Mrs. Reavis was born the youngest of six children. Her father, the count, owned a forestry business, which gave him cover to have plenty of men working on his land. That was how his estate became the center of the underground movement after Hitler invaded Poland.

Mrs. Reavis helped defeated Polish Army members escape to France and England. She was young and attractive and, she recalled to family members, soon became a courier and spy, talking with enemy soldiers in bars and shops.

She drew maps to guide Resistance soldiers through dense forests, distributed underground newspapers and helped with administrative tasks.

In an interview with the Post-Dispatch in May 1947, she recalled how her biggest scare came when she was assigned to transfer a machine gun and ammunition from one concealed depot to another 20 miles away. She hid the munitions under straw in a horse-drawn buggy. Along the way, three Gestapo officers stopped her.
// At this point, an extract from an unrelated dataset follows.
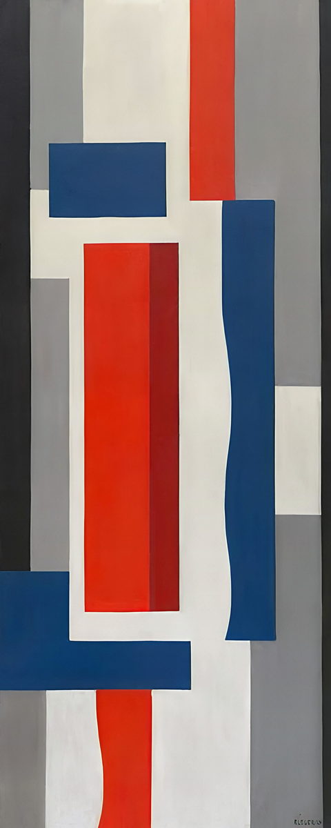 Reproduction of “Mural Painting 2” by Fernand Léger. A vertical abstract composition with pure color blocks (red, blue, gray) and geometric forms.

In her pocket, she carried identification papers and a pistol. She debated which to use.

She produced her papers and the soldiers asked what she was carrying under the straw.

Smiling, she replied: “A machine gun.”

They laughed at her joke and poked at the straw haphazardly before letting her go.

After the Russians invaded Poland, they treated the partisans like prisoners and pressed them into the Russian-dominated Polish army. The invaded Poles had no love for the Germans or the Russians, and Mrs. Reavis was asked, in an interview for a family history, which she would have shot first.

“Germans,” she replied. “Business before pleasure.”

Escaping the Russians, Mrs. Reavis fled to Lublin, Poland, where she met an American Army lieutenant who had escaped after spending five months in a prison camp.

His name was Isham Reavis. Within minutes of meeting her, he took out a piece of paper and began drawing.

He showed the drawing to a translator and said, “Tell her I’m going to marry her and take her to live in this house.”

They married 11 days later. After an 11-day honeymoon, the Army sent him back to the United States.

Still in occupied territory, Mrs. Reavis passed herself off as a Belgian before escaping to Krakow and later Nuremberg.

On Dec. 4, 1945, she left aboard a Liberty Ship. It nearly sank and was lost at sea for 18 days before landing in Boston, where she took a train to St. Louis.

Mrs. Reavis taught French at Academy of Sacred Heart schools here for more than 30 years and graduated from St. Louis University. Her husband was a gemologist at Jaccard’s Jewelery.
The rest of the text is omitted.